In retrospect, that attempt at morbid humor at Shahak’s expense was probably out of place, because there was nothing at all funny about one of the sickest characters Jewry’s ever produced – and God knows we’ve produced more than our share of sick ones.

It’s a truism that you can tell a man by the company he keeps, and a recent Google search on Jewish anti-Semitism revealed the company that keeps Shahak. Six and a half years after his death, his legacy lives on at countless neo-Nazi and anti-Israel websites, where his writings – with titles like “The Jewish Laundry of Drug Money” and “Israel’s Discriminatory Practices Are Rooted in Jewish Law” – are lavishly praised and lovingly preserved.

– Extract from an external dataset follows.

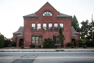 Fire Station Number 4, also known as the Collyer Fire Station, (see building plaque) [2] was constructed in 1887-1888 by H. L. Bassett & Co. and F. L. Mason on the southwest corner of Broadway and Carnation Street, in the center of Pleasant View neighborhood. The building was completed and named in 1890. The main block of the Queen Anne-styled red brick firehouse is a 2+1⁄2-story, hip-roofed rectangle with a cross-gable facing Broadway. A pair of matching single-story wings with gable-on-hipped roofs project from the long sides of the building. The building has small hip-roofed porches with arched openings on the main entrance and Broadway facing sides. Though constructed of red brick and pinkish mortar, sandstone was used for the window sills and lintels and the station's trim. The building has detailed terracotta work, with an ornate foliate name and date plaque on the front gable and a string course at the base of the corbeled main entrance. Above the plaque is a semi-circular window, and another round-headed window is on the northern side. The northwest corner has a square hose drying/bell tower that also has its own round headed window. Photos of the building are available here.[2] The station has been modified; its two fire engine doors have been removed and replaced with modern garage doors. The pyramidal roof on the belfry which crowned the bell tower was "recently" removed at the time of its NRHP nomination in 1983.[3] The interior of the firehouse has been greatly altered in the conversion to office and meeting room space by the time of its National Register of Historic Places nomination. The surviving details included the Queen Anne staircase and sunken panel doors. Though the interior has been greatly modified, it did not prevent its being listed on the historic register.[3]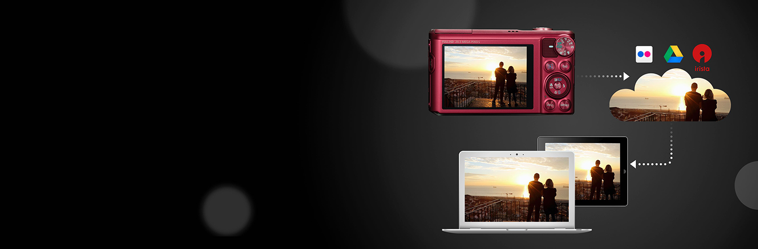 Dank WLAN* mit Dynamic NFC erfolgt die Verbindung zur Datenübertragung mit einem kompatiblem Smartphone durch eine einfache Berührung beider Geräte. Die Option zur kabellosen fernbedienten Aufnahme ermöglicht großartige Landschaftsaufnahmen oder Selfies. Mit GPS über das Mobilgerät lassen sich die Aufnahmen mit Standortdaten versehen, so dass Sie immer wissen, wo das Bild aufgenommen wurde – und mit Image Sync können Sie automatisch neue Aufnahmen auf einem Cloud-Speicher wie z. B. irista von Canon sichern.

To call Shahak a self-hating Jew would be too easy, too trite. Besides, as the writer Sidney Zion observed to the Monitor several years back, such Jews are rarely self-hating at all – to the contrary, they love and adore themselves. It’s other Jews with whom they have a problem.

Going by the large body of writing he left behind, one can accurately describe Shahak as not just a hater of Israel but a hater of Jews, with the exception of those who share his ultra left-wing, militantly anti-religious, passionately pro-Palestinian mindset.

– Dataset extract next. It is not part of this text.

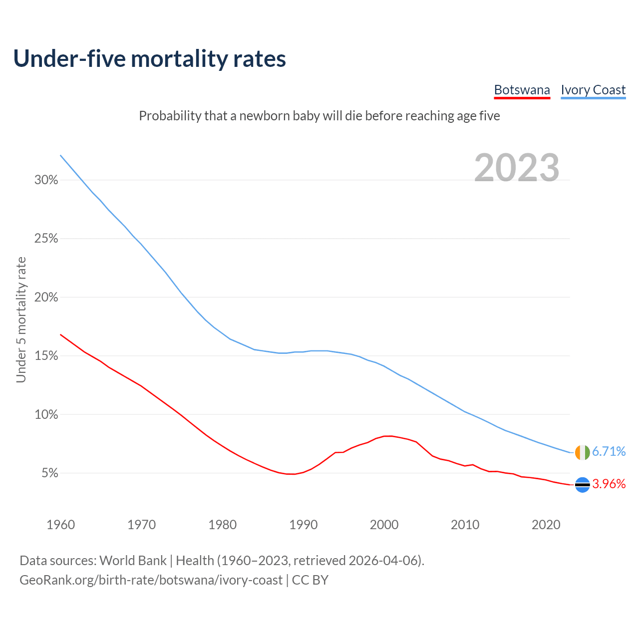 The chance that a newborn baby will die before reaching age five is 3.96% in Botswana and 6.71% in Ivory Coast. Above is a chart with historical data on under-five mortality rates.

Shahak was a Polish Jew whose family was herded into the Warsaw Ghetto during the Nazi occupation of Poland. He was sent to Bergen-Belsen in 1943 and, upon his liberation two years later, made his way to what was then British Mandate Palestine.

He went on to become a professor of organic chemistry (he taught at Jerusalem’s Hebrew University for 25 years), but it was as a so-called human rights activist that he made a name for himself. This, however, was no garden variety bleeding-heart leftist. Shahak not only came to despise Zionism and consider the establishment of the State of Israel a criminal act; he also set out to expose what he considered the depravities and hypocrisies of rabbinic Judaism – and to do so in as public a manner as possible.

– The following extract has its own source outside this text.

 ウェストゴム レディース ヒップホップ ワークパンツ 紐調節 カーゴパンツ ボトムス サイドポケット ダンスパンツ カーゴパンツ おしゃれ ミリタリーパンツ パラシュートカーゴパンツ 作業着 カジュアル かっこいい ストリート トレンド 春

Because he downplayed Jewish suffering in favor of painting Jews and Israelis as serial oppressors, Shahak had little patience with the notion that the Holocaust had a profound impact on either the Israeli psyche or Israeli policy-making. To him, Jews were victimizers, not victims.

“These ‘Holocaust memories’ are a fake,” he wrote in one of his numerous essays popular with the shaved head and tattooed-swastika crowd. In another article, he insisted that “racism and discrimination pervade all walks of life in Israel…. We need to recognize that in Israel the real issue is discrimination not only against the Palestinians … but against all non-Jews.”

It was Shahak who helped popularize the now familiar equating of Israelis with Nazis, declaring in one article that “the Jews of Israel, along with most of the Jews of the world, are at present undergoing a process of Nazification” and in yet another that any Jew who “denies the Palestinians their humanity” is a “Jewish Nazi.”

Just how twisted was Shahak? In his book Jewish History, Jewish Religion, he portrayed the notorious Chmielnicki massacres as a righteous rebellion by the downtrodden against their Jewish oppressors, and complained that Jews choose to remember it instead as an unprovoked anti-Jewish atrocity. Here’s how he put it:

“This typical peasant uprising against extreme oppression [italics added] …. has remained emblazoned in the consciousness of east European Jews to this very day – not, however, as a peasant uprising, a revolt of the oppressed, of the real wretched of the earth, nor even as a vengeance visited upon all the servants of the Polish nobility, but as an act of gratuitous anti-Semitism directed against Jews as such.”

Shahak time and again came under fire for his habit of denigrating Judaism by citing references and quoting sources taken wholly out of context, and as far back as 1966 was exposed as an incorrigible liar by the late Rabbi Immanuel Jakobovits, the then-chief rabbi of the United Kingdom, in an article in the Orthodox publication Tradition.

He was a dangerous mountebank and fraud, and the Passover Haggadah’s wicked son personified.